# RECORDED INFORMATION
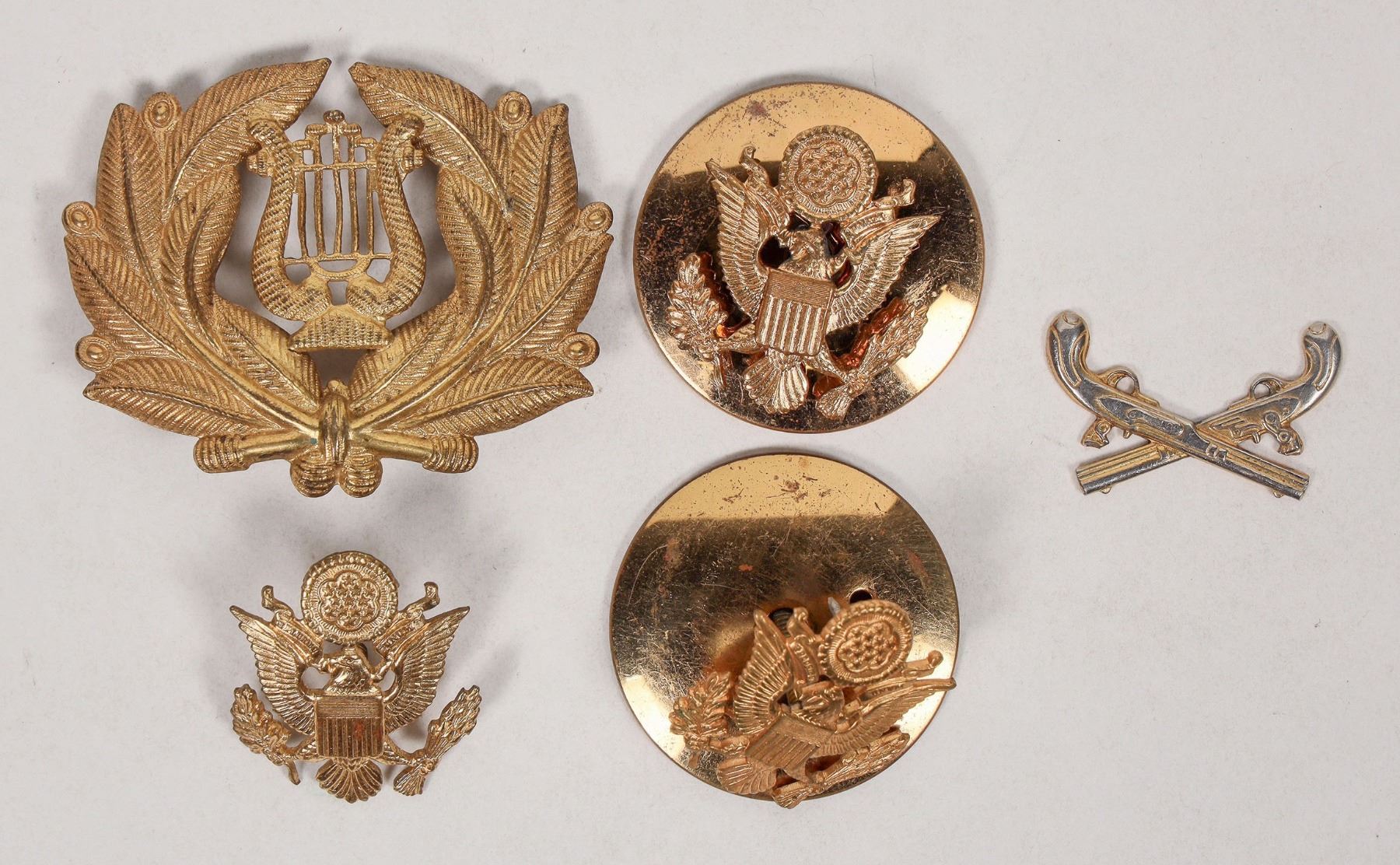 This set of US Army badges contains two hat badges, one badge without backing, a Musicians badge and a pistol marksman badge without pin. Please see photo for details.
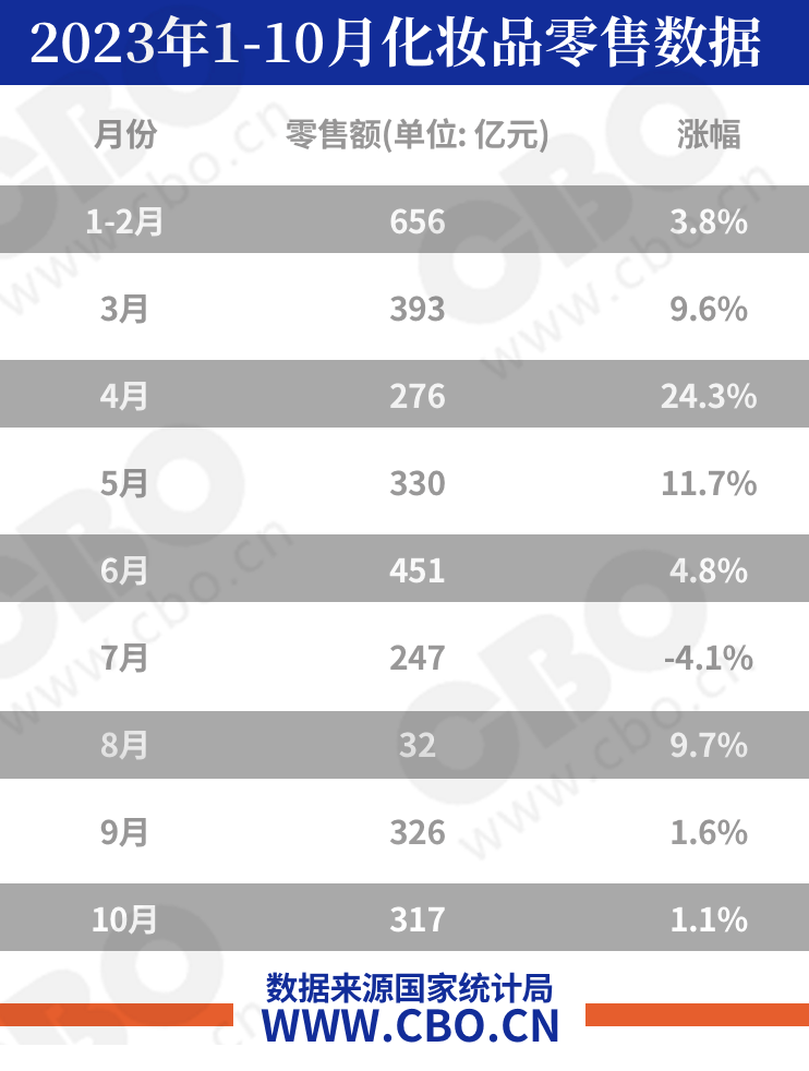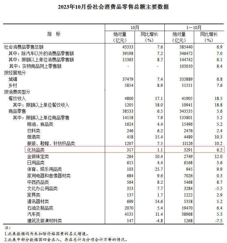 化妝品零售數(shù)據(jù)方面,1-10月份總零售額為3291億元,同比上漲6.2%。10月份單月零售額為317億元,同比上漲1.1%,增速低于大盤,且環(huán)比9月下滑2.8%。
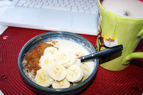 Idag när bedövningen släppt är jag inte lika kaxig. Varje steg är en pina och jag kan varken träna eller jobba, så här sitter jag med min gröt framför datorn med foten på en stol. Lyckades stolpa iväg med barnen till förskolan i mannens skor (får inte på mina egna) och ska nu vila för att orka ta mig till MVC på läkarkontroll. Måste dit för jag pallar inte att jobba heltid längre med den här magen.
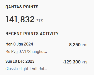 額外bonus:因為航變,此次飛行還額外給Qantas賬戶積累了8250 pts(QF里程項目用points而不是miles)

# BRIEF
Copy out the data above to the letter, and keep every picture out of it.

# TASK SOLUTION
 This set of US Army badges contains two hat badges, one badge without backing, a Musicians badge and a pistol marksman badge without pin. Please see photo for details.
 化妝品零售數(shù)據(jù)方面,1-10月份總零售額為3291億元,同比上漲6.2%。10月份單月零售額為317億元,同比上漲1.1%,增速低于大盤,且環(huán)比9月下滑2.8%。
 Idag när bedövningen släppt är jag inte lika kaxig. Varje steg är en pina och jag kan varken träna eller jobba, så här sitter jag med min gröt framför datorn med foten på en stol. Lyckades stolpa iväg med barnen till förskolan i mannens skor (får inte på mina egna) och ska nu vila för att orka ta mig till MVC på läkarkontroll. Måste dit för jag pallar inte att jobba heltid längre med den här magen.
 額外bonus:因為航變,此次飛行還額外給Qantas賬戶積累了8250 pts(QF里程項目用points而不是miles)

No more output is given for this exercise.